If you’ve been saving for a little while and watched your rainy-day pot grow into a nest egg, then you may be starting to wonder what kind of tax you’ll need to pay. The rules around tax savings can be a little bit complicated, so we’ve tried to lay them out simply for those who are navigating them for the first time.
You only pay tax on the interest you earn
When we talk about tax paid on your savings, we’re talking about the interest, not the savings themselves. This may seem obvious, but it’s worth being clear: the tax office won’t make a claim on the money that you’ve stashed away, just the earnings that you make on top.
Your first £1,000 of interest is tax free
Everyone in the UK has a personal savings allowance of £1,000. This means that the first £1,000 of interest you earn is not eligible to be taxed. It effectively means that most average savers in the UK won’t need to pay tax on their savings, especially with interest rates as low as they are currently.
As an illustration, £20,000 earning a relatively generous 2% interest rate would net you £400 over the course of the year. Average savings vary depending on who’s doing the calculation, but don’t typically go higher than this.
For higher rate tax payers, this allowance reduces to £500.
If you’re on a low income, your tax-free allowance is higher
Those earning under £17,500 are also eligible for what’s known as the savings ‘starting rate’. If you earn under £12,500, your starting rate will be £5,000, meaning that you can earn 5,000 in interest without paying tax. The starting rate decreases by one pound for every pound you earn above the £12,500 threshold.
If this all sounds complex then don’t worry. The bottom line is that you’re unlikely to pay tax on your savings when you’re on a low income unless you have an exceptionally high savings balance.
Money in an ISA is exempt from tax
Every year, you can save up to £20,000 in a cash ISA, or invest it in a stocks and shares ISA. This money is not taxable, so any interest that you earn is yours to keep.
The amount of tax that you pay is determined by your income
If you do end up with savings interest that takes you over the tax threshold, you’ll pay 20% in tax as a basic rate taxpayer or 40% at the higher rate. For those on the additional rate, it goes up to 45%.

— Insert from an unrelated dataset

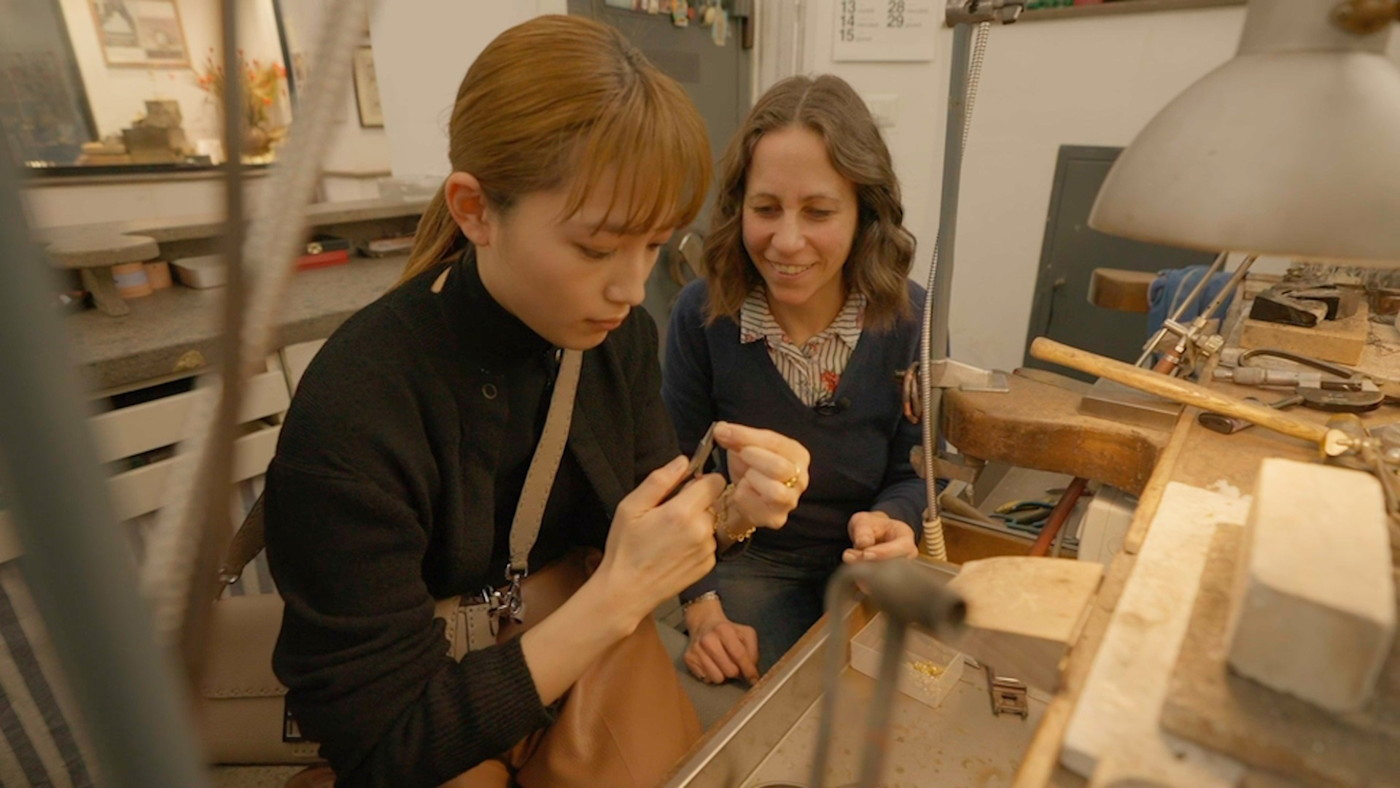 川口はミラノで『VOGUEイタリア』の編集長と対談。イタリアファッションの魅力を聞く。ローマでは、古代ローマ時代から残る装飾品を使って、アクセサリー工房で次の世代へと受け継ぐ職人たちの精神性に刺激を受ける。
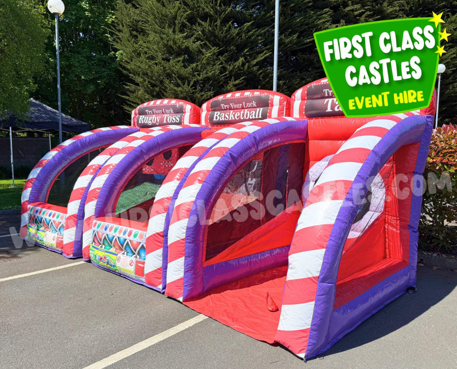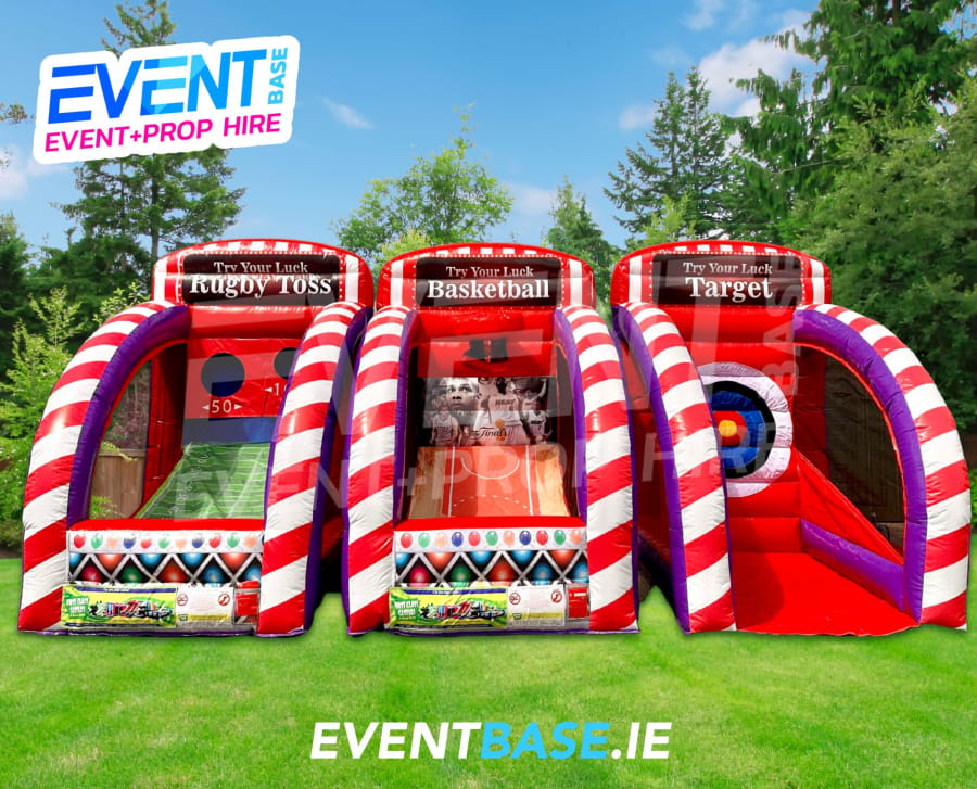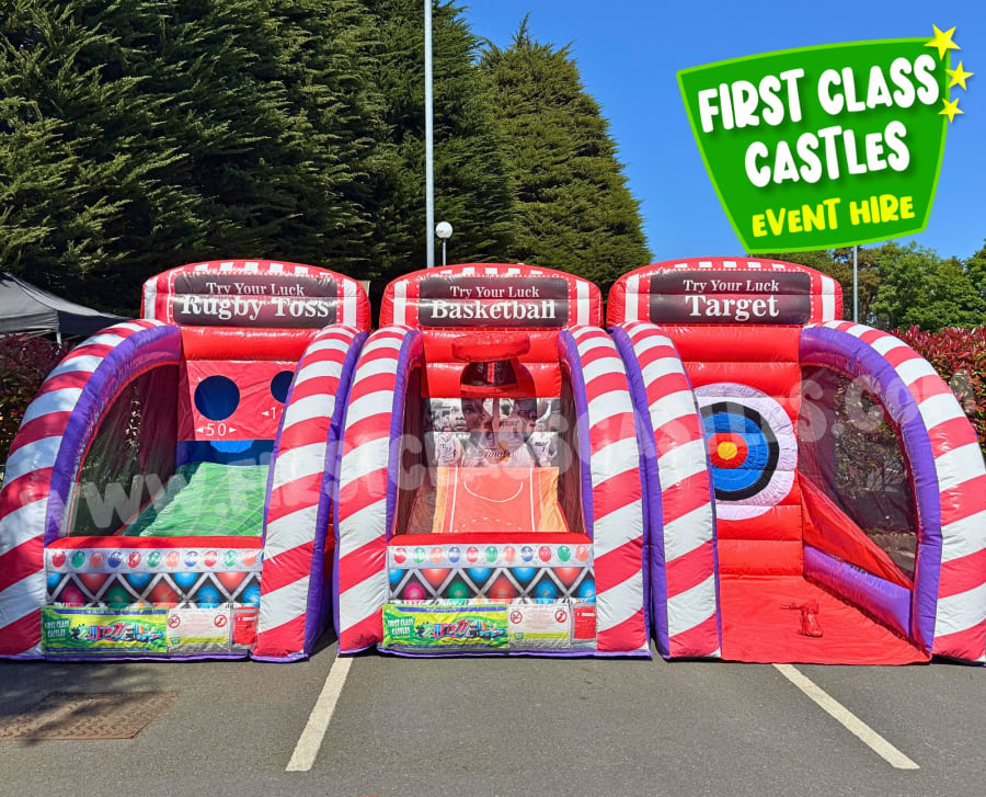Our inflatable stall combines three exciting games in one impressive unit, with three distinct walk-up booths:

Get advice if you’re unsure
The information laid out above shows that most of us don’t need to worry about paying tax on our savings. However suddenly coming into some money – perhaps from inheritance, or a competition win – could change that. In that case, we would recommend speaking to a professional who can advise on your individual circumstances. That might include making suggestions on where to store your money and how to invest it as well as what tax to pay.